- Abbreviation: NRPR (English) НРПР (Russian)
- Leader: Nikolay Lysenko
- Founded: 8 April 1990 (as RPPR) 31 October 1991 (as NRPR)
- Dissolved: 31 December 1998
- Split from: NPF "Pamyat"
- Succeeded by: Freedom Party
- Headquarters: Saint Petersburg, Russia
- Paramilitary wing: Russian National Legion
- Ideology: Solzhenitsynism Russian ultranationalism Orthodox Christian nationalism Socialist market economy Mononationalism Anti-internationalism Anti-cosmopolitanism Anti-atheism Anti-communism Anti-Caucasian sentiment Anti-Yeltsinism
- Political position: Far-right
- Coalition: National Salvation Front (until July 1993)
- Colours: Black Gold White

= National Republican Party of Russia =

The National Republican Party of Russia (NRPR; Национально-республиканская партия России; НРПР; Natsionalno-respublikanskaya partiya Rossii, NRPR), before 1991 Republican People's Party of Russia (RPPR; Республиканская народная партия России; РНПР; Respublikanskaya narodnaya partiya Rossii, RNPR), was a far-right nationalist party in Russia, founded in 1990 in Leningrad by Nikolai Lysenko. It was one of the most prominent Russian radical nationalist organizations of the time. It advocate the construction of a unitary state and a mono-national society in Russia with a "Chinese-style" economy, with the mandatory suppression of all forms of "cosmopolitism" and "internationalism".

The militants of the National Republican Party of Russia who formed the Russian National Legion took part in the War in Transnistria on the side of the separatists and the Yugoslav wars on the Serbian side. 6 party members were killed in the war.

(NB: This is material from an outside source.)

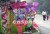 北京園林商店備好多姿多彩的風(fēng)箏,為五月歡度七天長假的游客準(zhǔn)備乘風(fēng)放飛。中新社記者 賈國榮 攝

The party belonged to the united national-communist National Salvation Front. The National Republican Party could not participate in the 1993 State Duma election as it failed to gather the necessary 6 000 signatures of supporters but its leader Lysenko ran in the Engels single-mandate constituency and was elected to the State Duma. At the 4th party congress on 3 December 1994 the party split into two factions. In 1995 the party run in the State Duma election but disintegrated after the arrest of Nikolay Lysenko in 1996. NRPR was officially de-registered on 31 December 1998. The Yuri Belyayev faction re-registered in 2000 as the new far-right Freedom Party.